The truth is, I just don’t feel very well.
We all four let a freakin’ bug into this house. I think it started with Cassidy and was just three days of a runny nose. Then I got the same. It went away and I thought, “That’s it? That’s it!” The poor kids got it or another rampant virus and they both are on a week of coughing. You know how it is. The lingering cough. Luckily it only happens once every year or two or three around here, or I’d truly lose my mind. It doesn’t end. Or it does, but it doesn’t feel like it will ever end. In the grand scheme of life, we’re looking at a week or two, or three in the worst case. That doesn’t take away from how awful it feels when you’re in it.
It’s Groundhog Day Season – this awkward and dark cold front between Halloween and Thanksgiving/Christmas. Every morning, there is coughing. Every morning, there is trauma from getting out of a warm bed, and then, out of a warm shower.
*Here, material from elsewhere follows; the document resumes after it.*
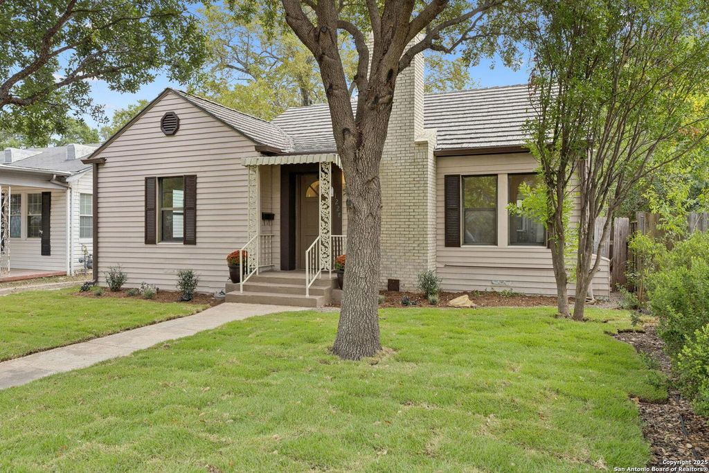 Priced over $14,000 below Bexar County assessed value! This beautifully updated 2 bedroom, 1 bath home offering 1,295 square feet of character and charm. Built in the 1934, this residence blends original details with thoughtful upgrades. Step inside to find original hardwood floors throughout and plaster walls that gently curve into the ceiling, showcasing the craftsmanship of a bygone era. Double pane windows allow abundant natural light to fill every room. The inviting living room features a cozy fireplace and flows seamlessly into the separate dining room. The kitchen features custom cabinetry and cleverly integrated under counter laundry to maximize space and efficiency without compromising on style. Outside, this home sits on a generously sized lot with multiple spaces designed for entertaining, including a screened-in gazebo. The backyard is a true blank canvas, ready for a garage, a casita, a pool, or all three. There's plenty of room to make it your own. Located convenient

Every morning, there is the last minute scramble to get to school reasonably on time. (rarely happens) Every morning I wrestle with kid zippers (awful. we can send people to space but we can’t invent good zippers?) Every morning I wrestle with ice cold steering wheels and condensation (and condescension) on the windows and doors. Every morning we search for hats, boots and mittens.
And I’m sick of it. Down with this. Down with disease! It’s only November and I feel this way.
Many of you seem to think I’m a positive person, right? I’d like to believe so. And yet November comes and I wonder. Am I only seasonally positive? Am I thriving in the spring/summer/early fall, only to falter in the late fall/winter? Can I do this?
Can we do this?
I don’t like days in which I’m watching the clock, waiting for it to end. Waiting for the relief pitcher (Cassidy) to come home. Wanting to leave the house for long periods of time so as not to waste the electricity/wood pellets that it takes to stay home.
We keep warm, though. Des hums and whines the “My Little Pony” theme song on command. Scarlet wants to hug for hours. So I am a positive person, mostly, because I can feel the warmth and life and joy radiating out of them and into me. And out of me and into them. And there’s warm coffee and our magnificent fireplace and I am so grateful for the warmth from both.
There are new photos..
..of old places. Places of late summer. The heat radiates out of the photos and into my heart.
Please share your tales of woe and cold mornings. Tell me what it’s like. Tell me how to make it better.